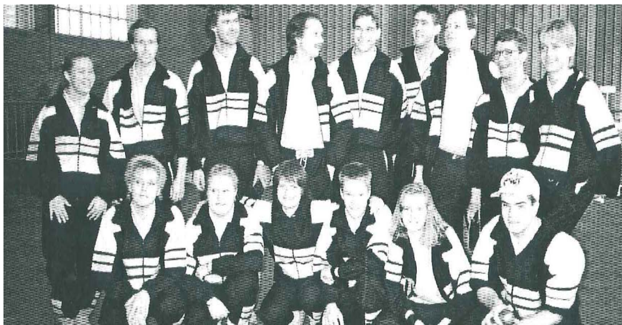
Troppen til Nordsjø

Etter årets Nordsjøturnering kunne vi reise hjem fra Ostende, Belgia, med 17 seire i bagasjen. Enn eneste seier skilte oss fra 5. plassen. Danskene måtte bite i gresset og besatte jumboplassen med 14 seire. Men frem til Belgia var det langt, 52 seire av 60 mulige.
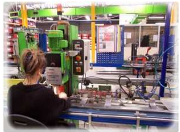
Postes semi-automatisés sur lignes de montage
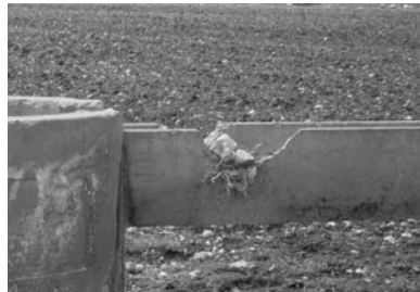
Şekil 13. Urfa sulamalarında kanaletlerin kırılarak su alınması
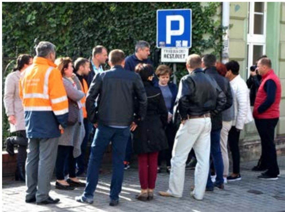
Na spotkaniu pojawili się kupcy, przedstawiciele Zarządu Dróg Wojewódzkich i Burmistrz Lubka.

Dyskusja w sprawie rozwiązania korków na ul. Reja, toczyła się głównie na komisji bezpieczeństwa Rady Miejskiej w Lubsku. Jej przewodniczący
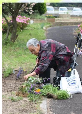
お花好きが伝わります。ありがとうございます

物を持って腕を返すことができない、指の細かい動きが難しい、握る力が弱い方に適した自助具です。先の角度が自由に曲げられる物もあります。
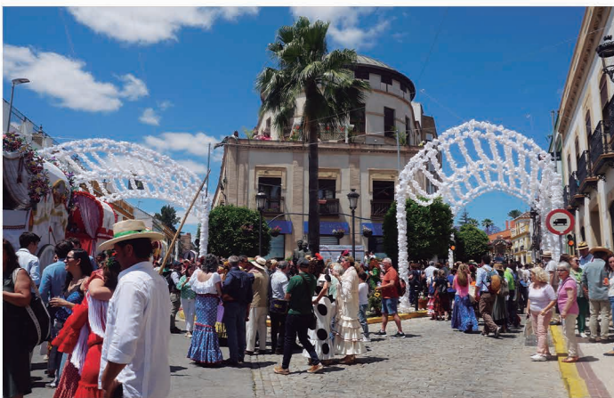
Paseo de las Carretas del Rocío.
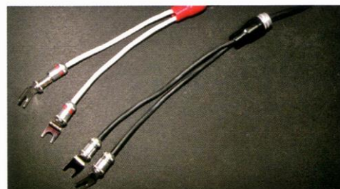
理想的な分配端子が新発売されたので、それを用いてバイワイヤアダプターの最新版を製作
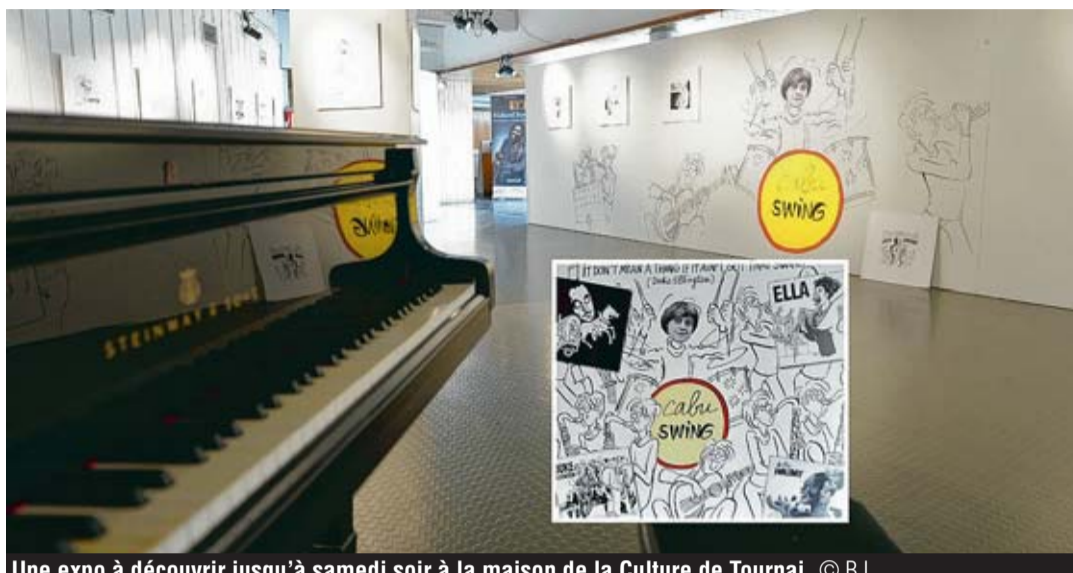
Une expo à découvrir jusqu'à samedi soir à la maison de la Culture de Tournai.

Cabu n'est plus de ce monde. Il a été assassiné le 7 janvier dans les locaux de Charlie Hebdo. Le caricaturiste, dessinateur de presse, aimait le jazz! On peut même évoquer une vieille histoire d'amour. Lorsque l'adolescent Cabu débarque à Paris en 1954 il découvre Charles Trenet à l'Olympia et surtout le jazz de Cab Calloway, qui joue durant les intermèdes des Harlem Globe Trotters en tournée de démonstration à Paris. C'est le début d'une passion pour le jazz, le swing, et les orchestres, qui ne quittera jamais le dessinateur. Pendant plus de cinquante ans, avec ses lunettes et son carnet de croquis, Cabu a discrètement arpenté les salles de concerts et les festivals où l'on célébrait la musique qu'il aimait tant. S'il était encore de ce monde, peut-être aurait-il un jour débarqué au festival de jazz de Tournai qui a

------------

> To do:
The records above need to be restated word for word, with the pictures left out.

> Solution to this task:
Troppen til Nordsjø

Etter årets Nordsjøturnering kunne vi reise hjem fra Ostende, Belgia, med 17 seire i bagasjen. Enn eneste seier skilte oss fra 5. plassen. Danskene måtte bite i gresset og besatte jumboplassen med 14 seire. Men frem til Belgia var det langt, 52 seire av 60 mulige.
Postes semi-automatisés sur lignes de montage
Şekil 13. Urfa sulamalarında kanaletlerin kırılarak su alınması
Na spotkaniu pojawili się kupcy, przedstawiciele Zarządu Dróg Wojewódzkich i Burmistrz Lubka.

Dyskusja w sprawie rozwiązania korków na ul. Reja, toczyła się głównie na komisji bezpieczeństwa Rady Miejskiej w Lubsku. Jej przewodniczący
お花好きが伝わります。ありがとうございます

物を持って腕を返すことができない、指の細かい動きが難しい、握る力が弱い方に適した自助具です。先の角度が自由に曲げられる物もあります。
Paseo de las Carretas del Rocío.
理想的な分配端子が新発売されたので、それを用いてバイワイヤアダプターの最新版を製作
Une expo à découvrir jusqu'à samedi soir à la maison de la Culture de Tournai.

Cabu n'est plus de ce monde. Il a été assassiné le 7 janvier dans les locaux de Charlie Hebdo. Le caricaturiste, dessinateur de presse, aimait le jazz! On peut même évoquer une vieille histoire d'amour. Lorsque l'adolescent Cabu débarque à Paris en 1954 il découvre Charles Trenet à l'Olympia et surtout le jazz de Cab Calloway, qui joue durant les intermèdes des Harlem Globe Trotters en tournée de démonstration à Paris. C'est le début d'une passion pour le jazz, le swing, et les orchestres, qui ne quittera jamais le dessinateur. Pendant plus de cinquante ans, avec ses lunettes et son carnet de croquis, Cabu a discrètement arpenté les salles de concerts et les festivals où l'on célébrait la musique qu'il aimait tant. S'il était encore de ce monde, peut-être aurait-il un jour débarqué au festival de jazz de Tournai qui a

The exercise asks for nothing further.